Subject areas: Regulatory Design for Economic Growth and Development Local Access Competition; Strategies of Incumbents and Entrants

Regulatory Opportunism in Telecommunications: The Unlevel Competitive Playing Field

Rob Frieden
Professor, Penn State University
105-C Carnegie Building
University Park, Pennsylvania 16802
(814) 863-7996; rmf5@psu.edu

ABSTRACT

The authors of the Telecommunications Act of 1996 had great expectations that they could engineer competition and enhance consumer welfare simply by rewriting a law to reflect changed circumstances. Congress assumed that it could craft legislation that created complementary incentives. For incumbent local exchange carriers ("ILECs"), the law attempts to require fair dealing with new competitors. The law also seeks to motivate competitive local exchange carriers ("CLECs") to construct facilities and to stimulate demand with lower prices and new options even in residential areas.

Congress underestimated the ability of stakeholders to thwart progress through litigation and to exploit ambiguous language in the '96 Act to maintain or create an unlevel competitive playing field. Stakeholders have spent more time vying in the courts than competing in the marketplace. Likewise, they have devised clever ways to exploit '96 Act provisions in ways not contemplated by Congress, e.g., routing Internet traffic through a CLEC, affiliated with an ISP, to trigger '96 Act mandated compensation, even though the CLEC has little or no offsetting traffic for ILEC routing.

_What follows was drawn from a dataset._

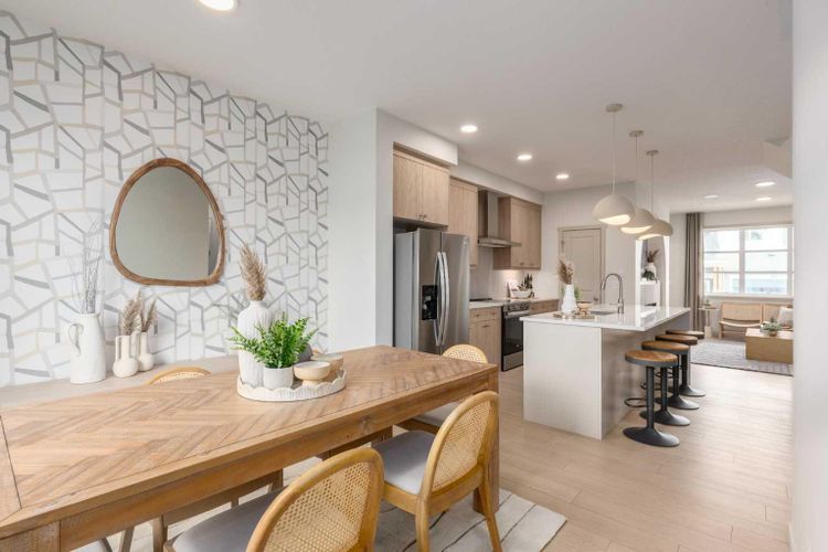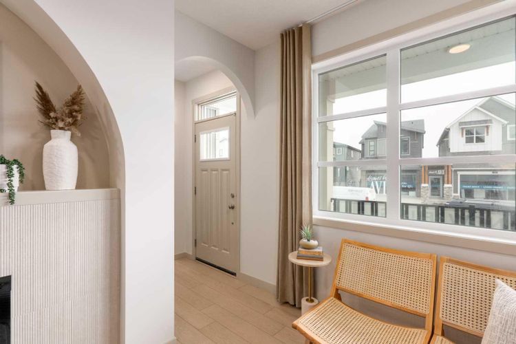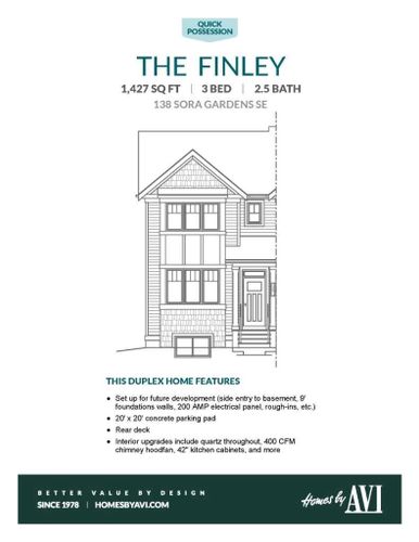 THERE’S A SPECIFIC KIND OF BUYER WHO THRIVES IN A BRAND-NEW COMMUNITY: the one who sees fresh pathways, brand-new parks, and a neighbourhood just beginning to take shape — and thinks, “Perfect. I get to grow with this place.” If that’s you, WELCOME TO SORA! The ponds are in, the green spaces are mapped, the playgrounds are ready for their first round of neighbourhood kids, and the long-term plan is already well underway.And the home itself? It’s refreshingly practical. The Finley skips the gimmicks and focuses on function: a main floor with real circulation (no odd dead corners), a living room that fits an actual sofa, a kitchen with taller 42" cabinets, QUARTZ COUNTERTOPS, a 400 CFM CHIMNEY HOODFAN, and storage solutions that feel designed by someone who has actually unloaded groceries before. The colours stay calm — neutral wood-look LVP with subtle undertones, rich dark cabinetry, and matte black accents — so your furniture doesn’t have to fight for attention.Upstairs, the primary bedroom gets a surprisingly cheerful perk: a WALK-IN CLOSET WITH A WINDOW, making it feel more like a tiny dressing room than a storage space. QUARTZ IN BOTH FULL BATHS keeps the finishes consistent, and the laundry is conveniently located on the upper floor, saving you from the dreaded “two-flights-of-stairs-with-a-basket” routine.The basement, though, is the real long-term win: SEPARATE SIDE ENTRY, 9' FOUNDATION WALLS, 200-AMP PANEL, with BATHROOM, LAUNDRY AND BAR SINK ROUGH-INS ready to go when you are. Future-you is going to be very smug about that. Out back, you’ve already got the 20'×20' parking pad and a rear deck for your first Sora summer.Here’s the thing about buying early in a new community: the perks accumulate quietly. You learn the WALKING PATHS before they hit the brochures, you MEET NEIGHBOURS before everyone retreats behind mature trees, and you get to watch EVERYDAY CONVENIENCES appear one by one — PARKS, SCHOOLS, SHOPS — until suddenly you’re the “original own er” people ask for advice.If a MOVE-IN READY HOME WITH LONG-TERM POTENTIAL is what you’ve been waiting for, go ahead and book a showing — this one deserves a walk-through. • PLEASE NOTE: Photos are of a finished SHOWHOME of the same model – fit and finish may differ on finished spec home. Interior selections and floorplans shown in photos. (id:26452)

This paper will examine the successes and failures of the '96 Act with particular attention to instances where asymmetric regulatory requirements have destabilized or reduced the potential for full and fair competition. The paper examines a number of semantically driven regulatory dichotomies, e.g., common carrier versus private carrier, basic versus enhanced services and ILEC versus CLEC, with an eye toward determining whether technological convergence and regulatory opportunism defeats the possibility of establishing a dual track regulatory regime. Additionally the paper scrutinizes several marketplace anomalies resulting when a regulatory dichotomy triggers a diversion or inflow of funds based on an operator's regulatory classification and its adeptness at exploiting arbitrage opportunities. The paper concludes with suggestions on how legislators and regulators might curb regulatory opportunism by abandoning the strategy of classifying carriers based on static technological or economic definitions.